Disk & Filesystem Collectors
Disk I/O Metrics
# Disk I/O metrics from /proc/diskstats
node_disk_reads_completed_total # Completed read operations
node_disk_writes_completed_total # Completed write operations
node_disk_read_bytes_total # Bytes read
node_disk_written_bytes_total # Bytes written
node_disk_read_time_seconds_total # Time spent reading
node_disk_write_time_seconds_total # Time spent writing
node_disk_io_time_seconds_total # Time spent doing I/O (utilization)
node_disk_io_time_weighted_seconds_total # Weighted I/O time (queue depth)

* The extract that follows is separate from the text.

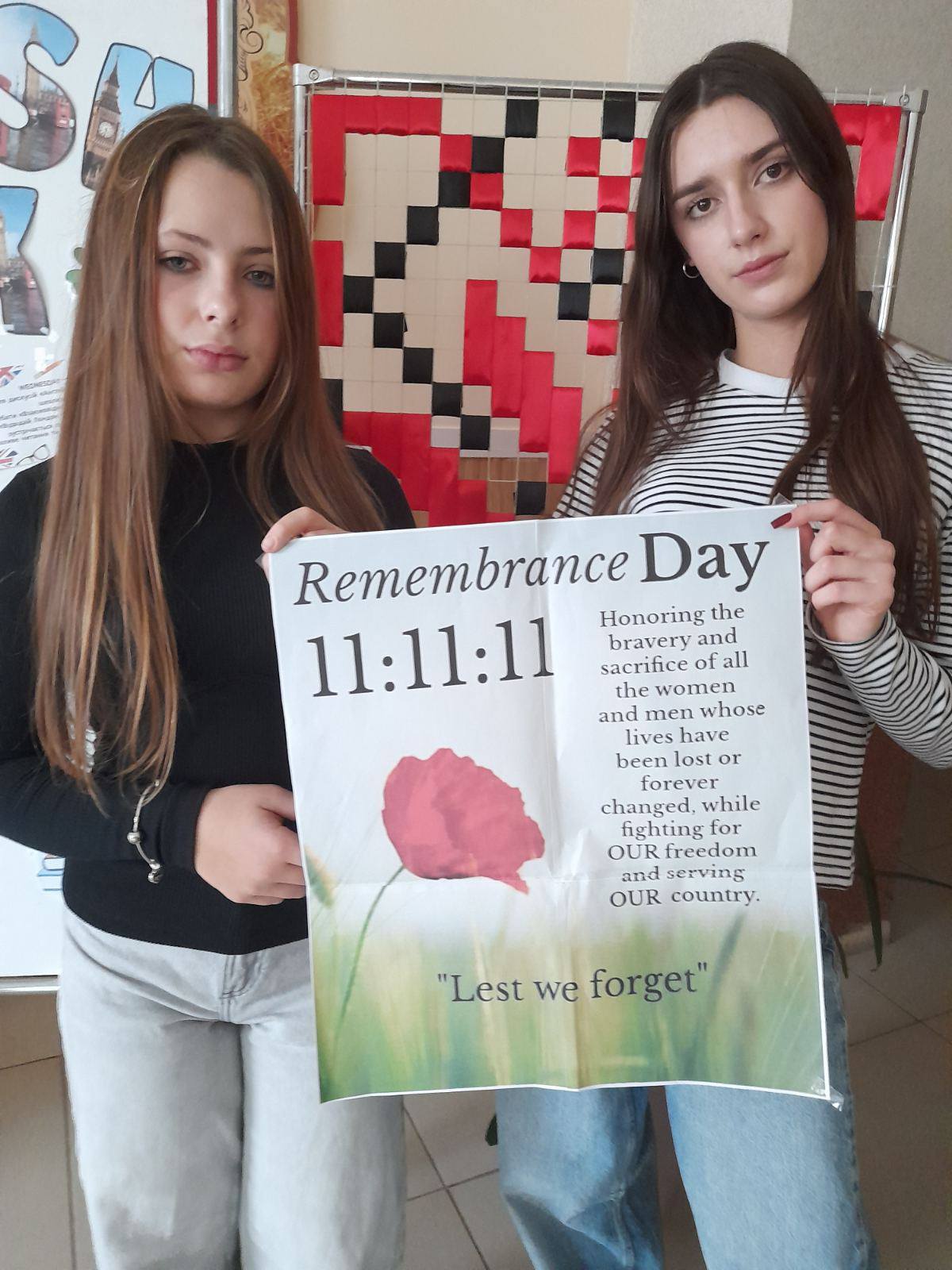 Учні 11 класу знайомилися з традиціями святкування Дня пам'яті, який відзначають 11 листопада у Великій Британії та країнах Співдружності, вшановуючи загиблих воїнів у Першій та Другій світових війнах та збройних конфліктах. Вони читали вірш “На полях Фландрії”, підписували листівки подяки. Це свято близьке нам, українцям, оскільки його символом є мак, який в українській історії означає пам'ять про тих , хто віддав своє життя за свободу та незалежність. Також одинадцятикласники поділилися своїми планами на майбутнє, де, на їхню думку, англійська мова відіграватиме важливе значення. Вони кажуть: “YES to ”, — та продовжують працювати над мовою, плануючи поєднати її з майбутньою професією.

# Disk utilization (% of time doing I/O)
rate(node_disk_io_time_seconds_total{device!~"dm-.*"}[5m]) * 100
# Average read/write latency
rate(node_disk_read_time_seconds_total[5m])
/ rate(node_disk_reads_completed_total[5m])
# IOPS
rate(node_disk_reads_completed_total[5m])
+ rate(node_disk_writes_completed_total[5m])
# Throughput (bytes/second)
rate(node_disk_read_bytes_total[5m]) + rate(node_disk_written_bytes_total[5m])
# Average queue depth (saturation indicator)
rate(node_disk_io_time_weighted_seconds_total[5m])
Filesystem Metrics
# Filesystem metrics from statfs()
node_filesystem_size_bytes # Total filesystem size
node_filesystem_avail_bytes # Available space (non-root)
node_filesystem_free_bytes # Free space (includes root reserved)
node_filesystem_files # Total inodes
node_filesystem_files_free # Free inodes
node_filesystem_readonly # Read-only flag
# Filesystem usage percentage
(1 - node_filesystem_avail_bytes / node_filesystem_size_bytes) * 100
# Predict when filesystem will be full (linear extrapolation)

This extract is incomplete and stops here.